= Zasshi Kiji Sakuin =

Japanese Periodicals Index database

Zasshi Kiji Sakuin (雑誌記事索引, "Japanese Periodicals Index"), often called Zassaku in short, is a searchable database of scholarly articles in Japanese. The database, produced by the National Diet Library (NDL) in 1948, catalogs selected articles from NDL's extensive collection of periodicals. The database was created for the purpose of facilitating scholastic research in providing citation information. Scholarly journals, specialized magazines, institutional periodical publications and general-interest magazines are included in the database from all areas of academic interest: humanities, social sciences, science and technology, and medical sciences, including pharmacology. Approximately 10,000 periodicals and more than 6,660,000 articles are currently registered in Zasshi Kiji Sakuin. It is updated every two weeks. Zasshi Kiji Sakuin's extensive coverage of periodicals provides an excellent bibliography of research and publications in Japan, which may not necessarily appear in non-Japanese journals of Japanese studies.

== Collection ==
=== Content of coverage ===
Besides its extensive collection of academic journals, the database has collected non-academic magazines and periodicals since 1996 to cater to the research needs of the general public. In 1996, the database added weekly magazines: サンデー毎日、週刊読売、週刊朝日、週刊現代、週刊文春、週刊新潮、週刊ポスト、週刊宝石、Aera、金曜日, which, according to a survey conducted by NDL, are, among other magazines, most frequently used by the public. The database also acquired corporate magazines, high school and community college publications, and other research-related magazines. From 1996 to 2000, the number of magazines included in the database had increased from 3100 to 9000 due to NDL's major expansion of its magazines and periodicals. A full list of periodicals entry, as well as the selection criteria for the periodicals and articles, are available in Japanese through NDL's official website. In addition to the Japanese periodicals, the database contains foreign periodicals published in Japan, as well as Japanese periodicals published outside Japan.

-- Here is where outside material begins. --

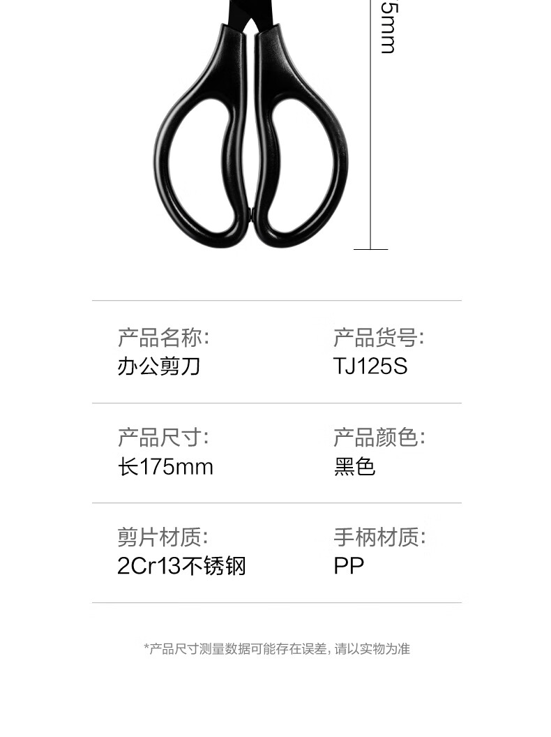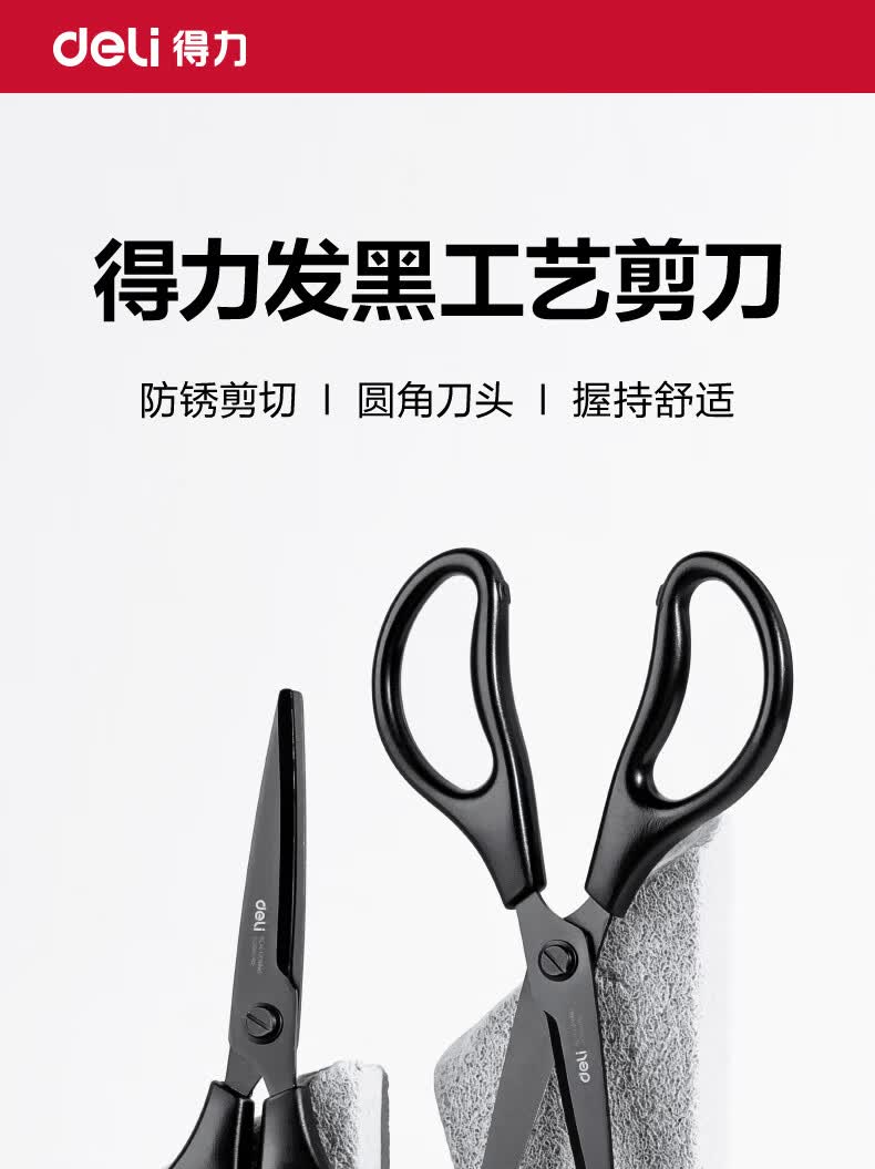 得力(deli)黑刃防锈剪刀180mm办公家用剪刀中号剪子手工办公用品生活文具学生剪纸刀【大手柄更舒适】TJ125S

=== Period of coverage ===
Zasshi Kiji Sakuin covers articles published after 1975. The articles in humanities and social sciences include those published since 1948. NDL is currently working on indexing articles in science and technology, which were published between 1948 and 1974. The project will extend until the fiscal year of 2007, but the citations are gradually becoming available in the database.

== Access ==
=== OPAC ===
Produced by the National Diet Library, Zasshi Kiji Sakuin is free of charge and can be accessed through NDL's Online Public Access Catalog (OPAC), under "Search for Japanese Periodicals Index" on the English page and 雑誌記事索引の検索/申込み on the Japanese page. The OPAC is available both in Japanese and in English, and words can also be entered both in Japanese and in Romaji. Article information can be searched by article title, author name, journal title, and publisher's name. In-text keyword search is not available. The OPAC's hours of operation (Japan time) are Monday through Saturday from 7 am to 5:30 am and Sunday from 7 am to 1 am, except the 3rd Sunday when it closes at 10 pm.

=== Magazine Plus ===
Zasshi Kiji Sakuin database is also available through Nichigai Associates via Magazine Plus. Magazine Plus is Japan's largest database of periodicals and academic articles. Besides containing the entire database of Zasshi Kiji Sakuin, Magazine Plus includes other databases of festschrifts (1945-2003), symposia & speeches (1945-2003), bulletins, transactions, proceedings (1945-2002), popular magazines (1981- ) and others. Magazine Plus is not free of charge and thus requires membership to access the database. The database is available only in Japanese.

=== CiNii ===
Zasshi Kiji Sakuin can also be accessed through National Institute of Informatics (NII, formerly NACSIS) via Citation Information service (CiNii). As part of the larger function of GeNii, CiNii contains various academic databases including Zasshi Kiji Sakuin. Out of 9,100,000 articles registered in the database, approximately 210,0000 are available in full text with or without a fee. Except for viewing some of the electronic texts, CiNii is free of charge and is available both in Japanese and in English.